When I was first working on this stuff I'd build excels with the math in there so I could see all the #s, like this--just type in where its red and it spits out everything else.



Facing a XR 10% of the time?




Usually the threshold for the amt to bet stops around 50% of pot, ip on the river.

Can't emphasize enough how good working this stuff out is. Even in the day of solvers etc, its still really important to have good understanding of the basic maths.

Thank you for this! I learned a lot through this exercise. I haven't come across any books or videos that teaches you this. Where did you learn this?

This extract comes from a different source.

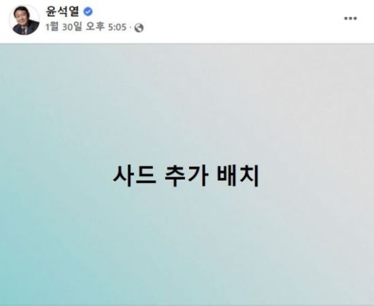 윤 후보는 지난달 30일 페이스북에 '사드 추가 배치'라는 한 줄 공약을 올렸다. 이날 북한이 동해상으로 중거리 탄도미사일을 발사한 데 대한 반응이었다. 이어 설날인 1일에는 인천시 강화군 강화제적봉평화전망대를 찾아 "사드를 포함한 중층적 미사일 방어망을 구축해 수도권과 경기 북부 지역까지 북한의 핵미사일 위협으로부터 우리 국민의 안전을 확실히 지키겠다"며 안보 행보를 이어갔다. 최근 북한 도발이 이어지는 가운데 보수 지지층 결집에 나선 것으로 보인다.

Does this fall into GTO? We were able to get his calling percent because based on the bet size, he needed to call enough of the time to make our bluffs break even. This is similar, as finding the indifference point. So villain needed to call with an optimal frequency so that he doesn't get exploited?

Tiptons books cover some of this, Mathematics of Poker cover rest.

Yes exactly.

Np, some from books, talking with friends, just diving into the work trying to figure it out. The actual math isn't that hard but figuring out how it all applies isn't that easy. I can't stress enough how important getting the math down is for building a solid foundation for poker.

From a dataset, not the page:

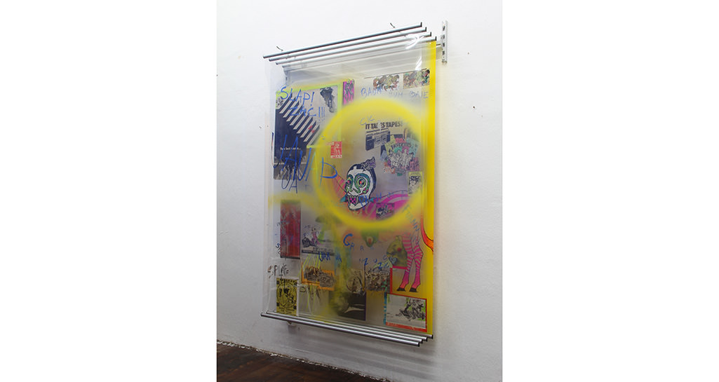 2016 / Illustration of magazine “New Musical Express” from the early 1980s, polyester film, poster hanger, vinyl film, spray paint, marker pen, pastel, colored pencil / translation in Italian / 183 x 120 x 30 cm
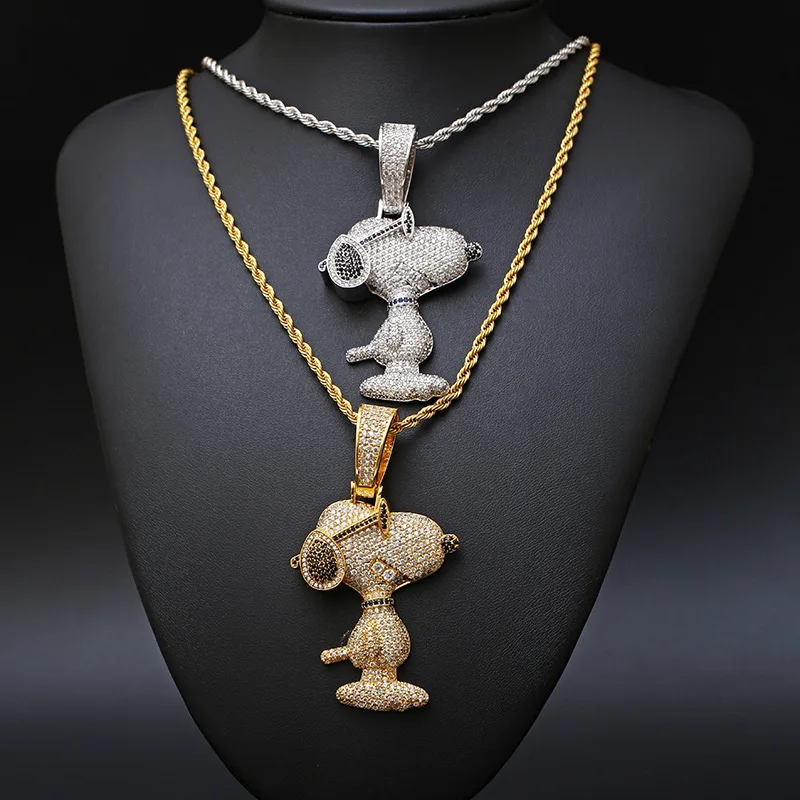 Product Name: 1 Nuovo Hip Hop Artiglio Impostazione AAA + CZ Pietra Girocollo Rock Bling Ghiacciato Cartone Animato Snoop Cane Pendenti Collane Per Uomo Rapper Gioielli

the 2 doctor877 mentioned and also "applications of no limit holdem" by Matthew Janda.

Also, there's a youtube series that I stumbled across where the guy does a really good job of going over GTO math concepts for poker. Starts a bit slow but there's like 30 parts and gets deeper. Would recommend checking it out.

Bump for this awsome excel work...

Tbh this is easier to understand/follow then any softwares that are currently out there (from my POV). I'm assuming this scenario is river only and it only solves for 1 bet size?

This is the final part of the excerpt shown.